## EXERCISE DESCRIPTION
Can you transcribe the data exactly? Leave the pictures out.

## DATA SECTION
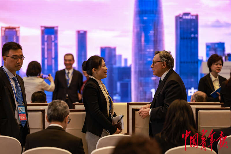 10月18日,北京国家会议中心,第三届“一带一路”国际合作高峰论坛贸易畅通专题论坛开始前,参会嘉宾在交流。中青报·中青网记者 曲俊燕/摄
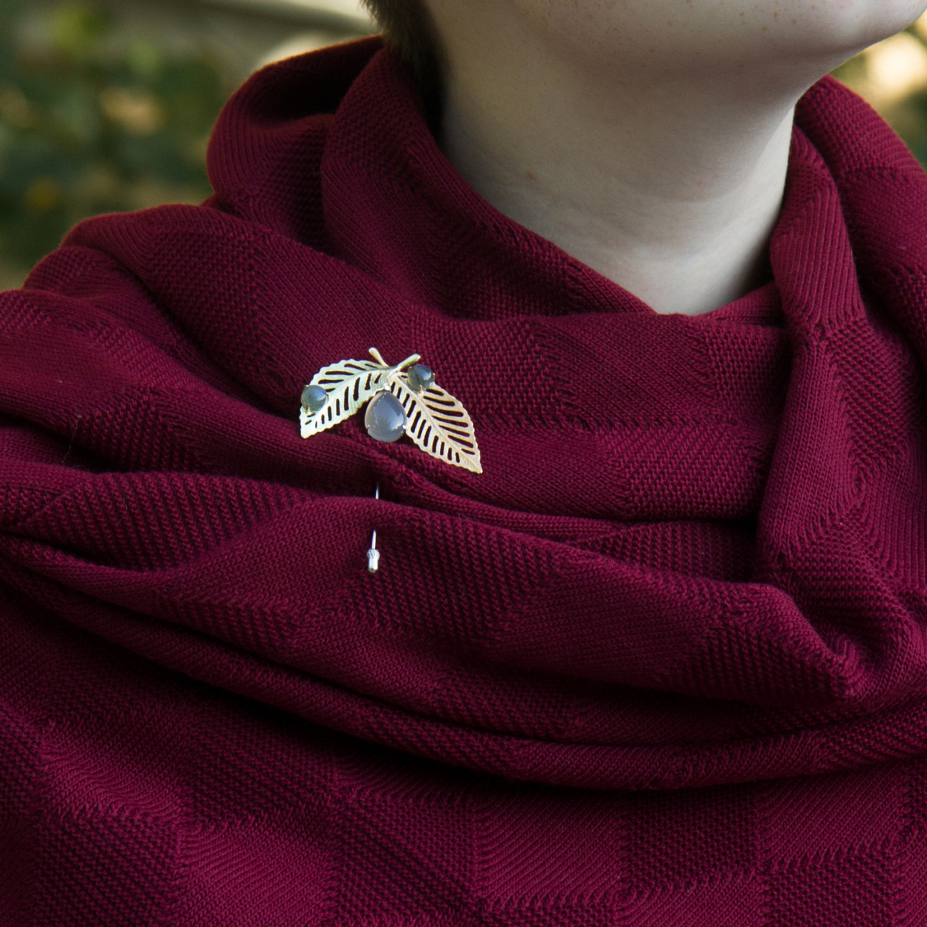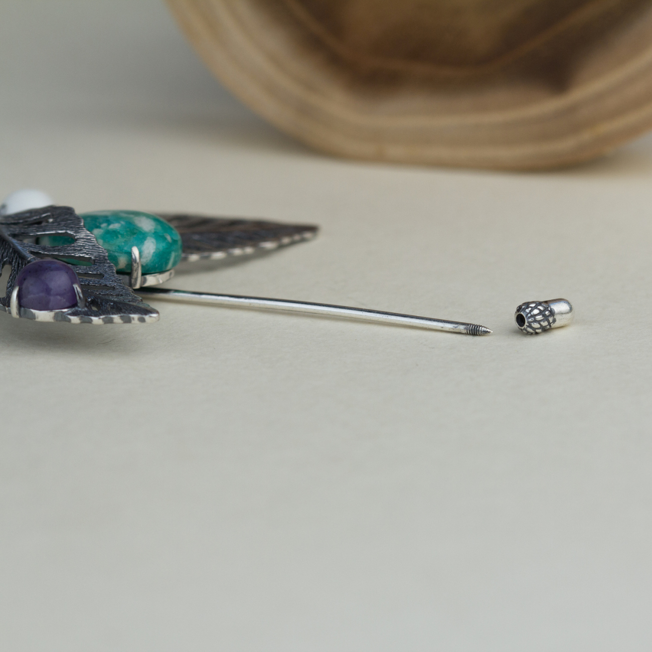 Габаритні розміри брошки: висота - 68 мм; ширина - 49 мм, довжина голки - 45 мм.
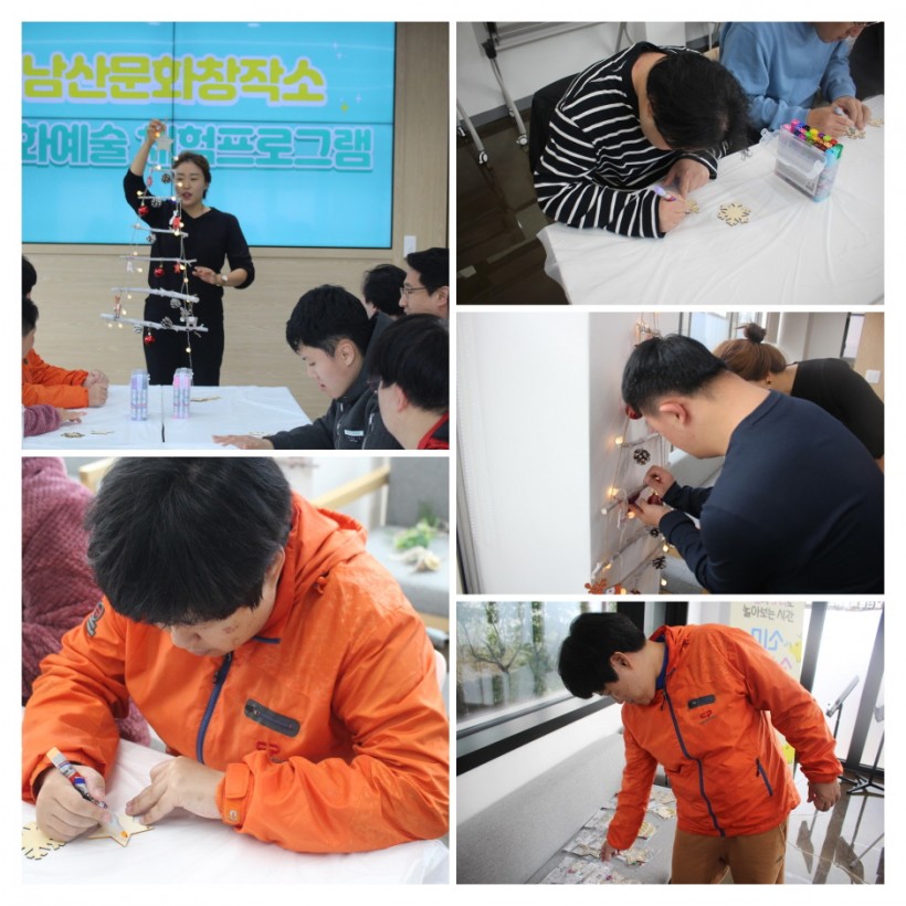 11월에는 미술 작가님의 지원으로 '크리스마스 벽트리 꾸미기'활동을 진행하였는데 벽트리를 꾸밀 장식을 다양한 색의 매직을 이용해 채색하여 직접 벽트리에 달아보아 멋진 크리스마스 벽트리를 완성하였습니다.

## ANSWER BOX
 10月18日,北京国家会议中心,第三届“一带一路”国际合作高峰论坛贸易畅通专题论坛开始前,参会嘉宾在交流。中青报·中青网记者 曲俊燕/摄
 Габаритні розміри брошки: висота - 68 мм; ширина - 49 мм, довжина голки - 45 мм.
 11월에는 미술 작가님의 지원으로 '크리스마스 벽트리 꾸미기'활동을 진행하였는데 벽트리를 꾸밀 장식을 다양한 색의 매직을 이용해 채색하여 직접 벽트리에 달아보아 멋진 크리스마스 벽트리를 완성하였습니다.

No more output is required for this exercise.